Electrochemical membrane cell for NH3 synthesis from N2 and H2O by electrolysis at 200 to 250 °C using a Ru catalyst, hydrogen-permeable Pd membrane and phosphate-based electrolyte

Abstract

Ammonia (NH₃) is an energy carrier that can be synthesized from nitrogen and water using electricity generated from renewable sources.
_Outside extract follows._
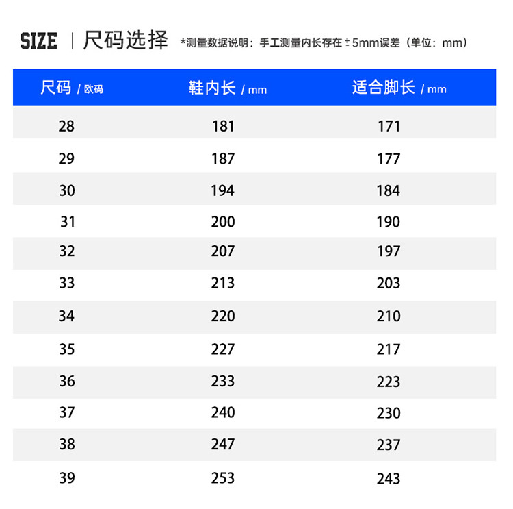 鞋内长(mm)

The present work investigated NH₃ synthesis using an electrochemical system with the structure of Ru/Cs⁺/MgO|Pd–Ag|CsH₂PO₄/SiP₂O₇|Pt and operating at 200 to 250 °C. In this system, the NH₃ being generated is isolated from the CsH₂PO₄/SiP₂O₇ electrolyte by the hydrogen-permeable Pd–Ag membrane, resulting in the production of dry NH₃. A maximum NH₃ synthesis rate of 0.90 nmol s⁻¹ cm⁻² was obtained from the cathode at the Ru/Cs⁺/MgO|Pd–Ag side at a current density of 10 mA cm⁻², temperature of 250 °C and N₂ flow rate of 3 cm³ min⁻¹ as converted to standard temperature and pressure. Deviations in the NH₃ production rate from the theoretical amounts predicted by Arrhenius plots were observed at temperatures approaching 250 °C, possibly because the reaction approached equilibrium. A current efficiency for NH₃ production of 2.6% was obtained, with the remainder of the current consumed during H₂ generation. The apparent activation energies for the NH₃ synthesis were 69 and 93 kJ mol⁻¹ at 3.2 and 10 mA cm⁻², respectively. These values are significantly lower than that reported for conventional NH₃ synthesis from nitrogen and hydrogen (139 kJ mol⁻¹) over the same catalyst in this cell. The optimum N₂ flow rates were approximately 0.5 and 5 cm³ min⁻¹ at 3.2 and 10 mA cm⁻², respectively, representing nitrogen amounts approximately 42 times the stoichiometric quantities. The provision of an excess of N₂ is believed to reduce the suppression of N₂ activation by so-called hydrogen poisoning of the catalyst.